In low-income settings, CSF escape remains understudied and further work is needed given the burden of HIV disease in these countries. Presentations at the meeting from Rakai in Uganda, Pune in India and Bucharest in Romania all showed that sustained suppression on ART was far less frequent than in high-income countries, less potent and more toxic ART regimens were commonly used, and symptomatic CNS disease was far more frequent.

Symptomatic CNS escape is a major challenge clinically and for which there are limited therapeutic options. Symptomatic disease may be the result of local inflammation from uncontrolled viral replication. Common co-infections, particularly those that affect the CNS, including cryptococcosis, tuberculosis, and herpes virus or polyomavirus reactivation may increase the risk of symptomatic CSF escape and requires further investigation. In children, symptomatic CSF escape remains a very significant challenge as HIV-related CNS damage can be permanent and have profound developmental impact. A global collaborative network would be particularly useful to develop case definitions, ensure appropriate collection of samples and access to specialised testing, and to investigate better management strategies.

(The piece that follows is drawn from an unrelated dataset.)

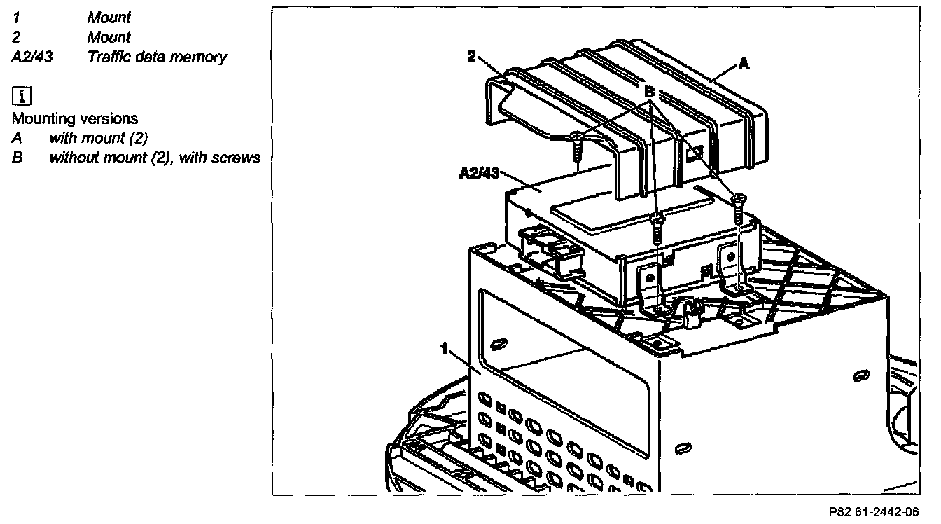 8 Unclip mount (2) from traffic data memory (A2/43) and remove traffic data memory

In the setting of complete virological suppression, determining if the CNS is indeed an important reservoir of HIV is a high priority for the cure agenda but it remains an extremely challenging area to study. The limited ability to sample the CNS with the sensitivity required to detect the persistence of rare, HIV-infected cells with intact (replication-competent) proviruses is a major obstacle to progress. Reasonably large volumes of CSF (i.e. up to 25 mL) can be safely obtained, but CSF contains very few cells and has few to no virus particles in individuals on long-term suppressive ART. Antemortem tissue sampling is prohibited except in rare circumstances in which a diagnostic biopsy is required, and then the sample obtained may not be representative of other regions of the brain. Greater effort to rapidly obtain and store brain tissue after death from individuals on suppressive ART for in-depth analysis of HIV persistence is critical for progress and such efforts have already begun, providing a much needed resource.

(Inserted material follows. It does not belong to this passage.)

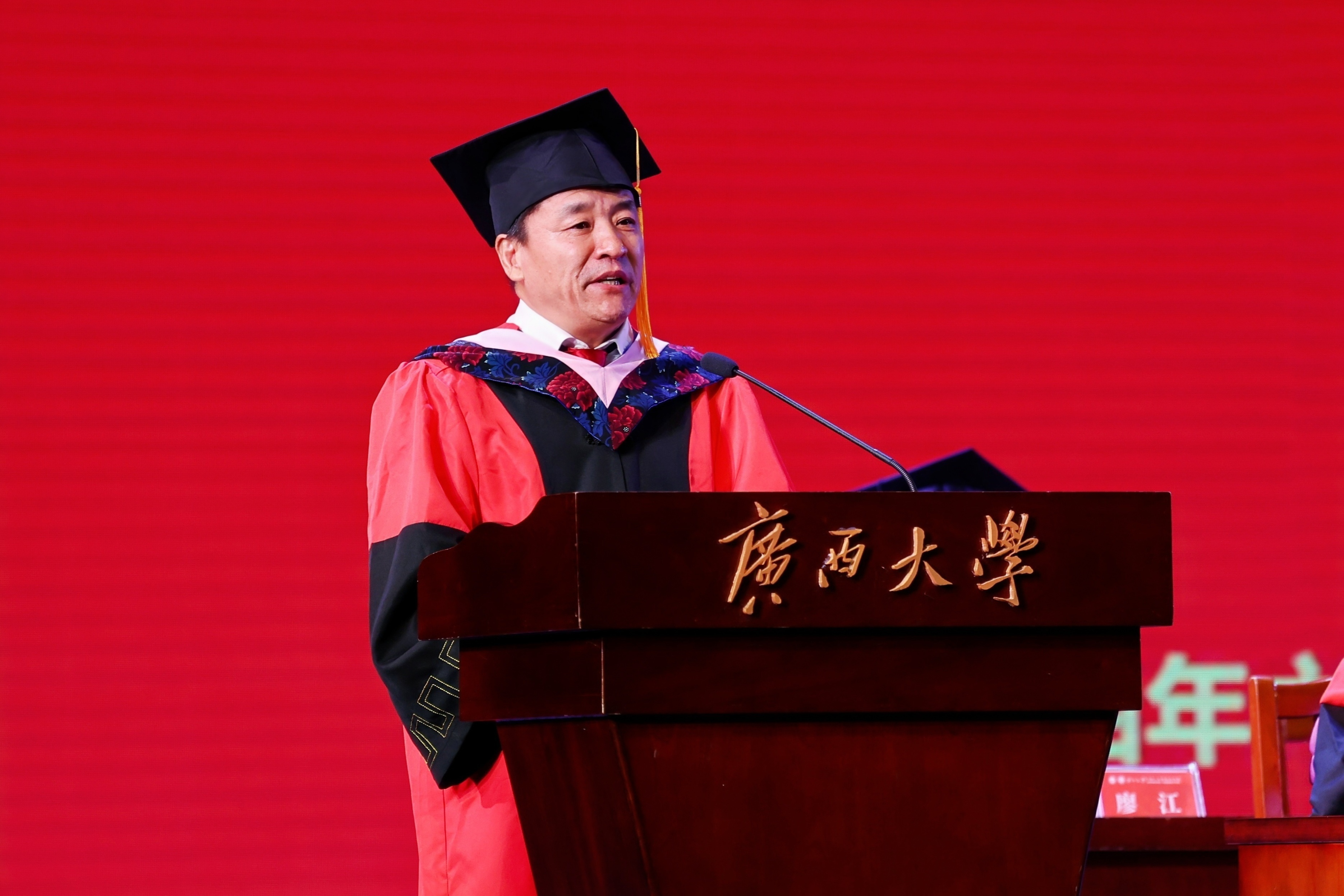 李光辉院长向全院2024届毕业生致毕业辞。他代表学院向同学们表示热烈祝贺和诚挚祝福,向悉心培养学生成长成才的家长和老师表达衷心的感谢。他对毕业生提出三点期望:一是乘风万里,心怀青云之志。希望身处新时代的同学们要坚定地树立起为国家和人民攻坚克难、博学报国的远大志向,在人生的舞台上开拓创新,建功立业;二是保持热爱,奔赴梦想。希望同学们认可自我价值,让热爱在奋斗中澎湃,在每一个可以创造价值的地方砥砺前行;三是突破自我,勇攀高峰。要坚定“把每一项平凡工作做好就是不平凡”的恒心,保持“把每一件小事情做好就是大事业”的匠心,用智慧和奋斗创造西大经院人新的精彩。他还表示,母校和探花

Recent cohort studies suggest that in individuals with high CD4 T cell counts, sustained virological suppression and no prior AIDS-defining illnesses or HIV drug resistance, CSF escape is rare, potentially in the range of 1–5% or even lower, especially since the introduction of simpler and more potent ART regimens [2]. However, does this mean that there is no residual viral reservoir in the CNS? Although studies of CSF show infrequent detection of HIV RNA, but this does not exclude the persistence of infected cells in brain parenchyma, which some would argue is very likely. To test this latter thesis, more sensitive assays are needed to quantify and characterise very low levels of virus particles or virus-infected cells in CSF or brain and to determine if virus sequences are intact [3], as are more sensitive CNS imaging methods to detect the persistence of immune activation and inflammation that could be driven by HIV persistence. Analysis of viral protein or cells in the CSF and markers of inflammation or neuronal damage as indirect indicators of HIV persistence could be informative [4]. A multidisciplinary approach that includes investigations of both CSF and brain tissue, combined with comprehensive measures of systemic HIV persistence, are needed to answer the key question whether the CNS is a major sanctuary for HIV persistence; and, if so, what cells in which regions of the brain are the sites of persistence. Indeed, the CNS looms large as an unknown frontier in the efforts to cure HIV infection.